Rethinking Data Retention: More Challenging Than Anticipated

The Australian government’s review of data retention obligations on companies has proven to be far more complex than anticipated, with issues of scope and ambiguous legal language slowing progress. Peter Anstee, the first assistant secretary of cyber and technology security policy at Home Affairs, emphasized these challenges during his address at the AISA Melbourne CyberCon. He explained that the intricate nature of identifying and reconciling conflicting data retention mandates is creating significant hurdles in advancing legislative reform. The review gained urgency following the highly publicized Optus data breach, which brought attention to the risks of companies retaining customer data for longer than necessary, highlighting the need for clearer, streamlined data retention policies.

The review is a core component of the federal cybersecurity strategy, where one of the key priorities is to evaluate and potentially reconcile the myriad data retention requirements across industries. Anstee outlined the government’s phased approach to this effort, starting with a comprehensive review of the Commonwealth’s statute books to determine the exact nature of data retention obligations placed on businesses. However, this task is more difficult than it seems. “It’s taking us a little bit of time to understand all the data retention obligations that we have on companies,” Anstee admitted, underscoring the scale and complexity of the undertaking. He also noted that the review involves assessing whether it is possible to consolidate or rationalize these obligations without undermining the specific needs of certain sectors, such as healthcare and financial services, which often have unique data retention requirements for valid regulatory or operational reasons.

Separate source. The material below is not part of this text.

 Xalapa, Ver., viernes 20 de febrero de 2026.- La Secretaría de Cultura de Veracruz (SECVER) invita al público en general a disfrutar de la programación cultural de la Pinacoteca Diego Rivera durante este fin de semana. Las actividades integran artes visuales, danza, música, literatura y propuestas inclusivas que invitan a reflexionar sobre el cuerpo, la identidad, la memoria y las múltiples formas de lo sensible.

A key challenge in the review process is the lack of clarity in existing laws. Anstee explained that many of these laws are vaguely worded, simply requiring companies to “hold onto data” without specifying what data needs to be retained or providing clear guidelines on how it should be stored or managed. He pointed out that many of these data retention laws were written long before the digital age and are therefore outdated. Modernizing these regulations to reflect current digital storage capabilities and security requirements is a critical component of the government’s review. “There’s probably an uplift piece we need to do as well,” Anstee remarked, referring to the need to update and align the laws with present-day technological realities.

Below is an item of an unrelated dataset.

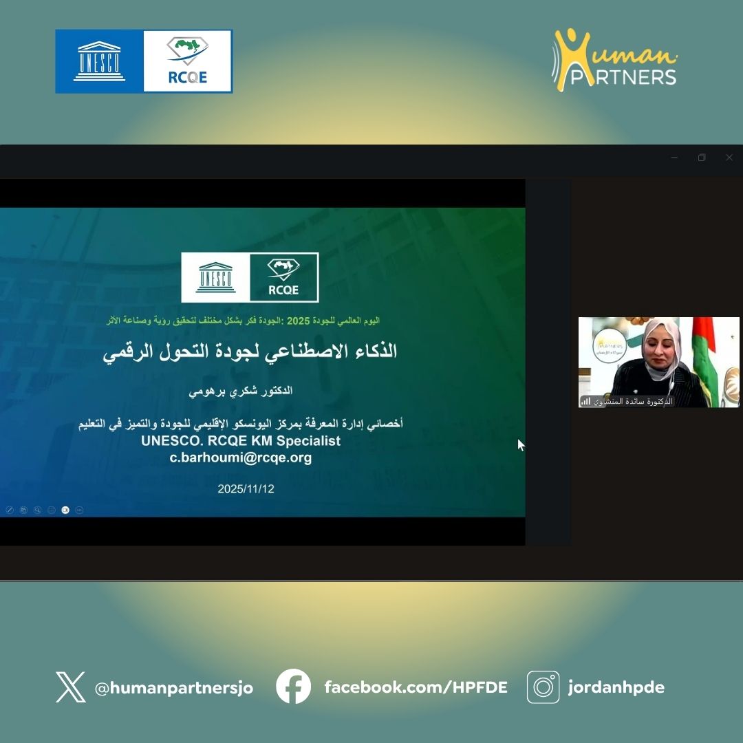 In a distinguished international participation, Dr. Saeda Al-Manshawi, Director General of Human Partners for Training and Education, moderated the third session titled “Learning Without Borders” at the International Forum for World Quality Day 2025.

Beyond data retention, Anstee also addressed the growing concern over digital resilience, citing a recent incident involving cybersecurity company CrowdStrike as a pivotal learning moment. A software update from CrowdStrike inadvertently caused widespread disruptions by “bricking” Windows machines, an event that highlighted the fragility of digital supply chains. Anstee described the incident as a near-miss, warning that a similar event on a larger scale could have catastrophic consequences. “What would it have looked like if it impacted not one percent of Microsoft-affected devices but 10 percent?” he asked, suggesting that the implications of such disruptions must be carefully considered. The government is now working closely with industry partners to develop a systems-level understanding of Australia’s digital supply chains to mitigate such risks.

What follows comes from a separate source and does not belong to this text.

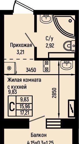 Общая площадь 17.2 м2
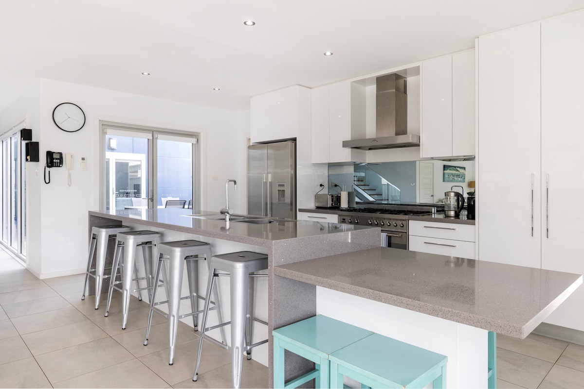 ¡Beach King lo dice todo! Te sentirás como la realeza en esta enorme casa de playa diseñada por un arquitecto, con tu propia piscina privada, enormes espacios de estar interiores/exteriores, vistas al mar, un gran patio trasero con juegos para niños y todo esto a solo unos segundos a pie de las hermosas arenas de la bahía de Jervis. Beach King ha sido impresionantemente equipada con todos los muebles, equipos y electrodomésticos de alta gama nuevos, ¡y no encontrarás una casa mejor para tu escapada a la playa! NO SE PERMITEN FIESTAS DE GRUPOS

Anstee explained that the Security of Critical Infrastructure Act (SOCI) has been instrumental in shedding light on the interconnected nature of critical infrastructure supply chains, but gaps remain. The government is particularly concerned about the lack of visibility into global supply chain dependencies, especially the connections between critical sectors such as energy, healthcare, and education. By mapping these interdependencies and conducting regular stress tests, the government aims to build a more resilient digital infrastructure that can withstand potential disruptions, whether caused by human error or malicious cyberattacks.

The recent passage of Australia’s first dedicated cybersecurity bill was another focal point of Anstee’s remarks at CyberCon. He described the legislation as a “foundational piece” that provides a flexible framework for future cybersecurity reforms. One of the bill’s key provisions mandates that companies disclose any ransom payments made to cybercriminals. Anstee stressed that this requirement is intended primarily as a data collection exercise to enhance the government’s understanding of the ransomware threat landscape, rather than as a punitive measure. “We’re not looking to punish companies that report making a payment,” he said, emphasizing that the primary goal is to encourage transparency and data sharing to strengthen the country’s cybersecurity posture.

However, companies that fail to disclose ransom payments could face fines, though Anstee indicated that this would be a last resort. He explained that the government’s approach to enforcement would focus on engagement and collaboration, with fines only being imposed if companies consistently fail to comply. “It’s always good to start with voluntary measures and gradually increase enforcement if non-compliance persists,” Anstee noted, reinforcing the government’s preference for cooperation over coercion.

In summary, Anstee’s presentation highlighted the complexity and urgency of reforming Australia’s data retention and cybersecurity frameworks. The government’s methodical approach, which includes a thorough review of existing legislation, increased focus on digital resilience, and a flexible legislative framework, reflects its commitment to ensuring that Australia remains prepared to address evolving cyber threats while balancing industry needs and regulatory requirements.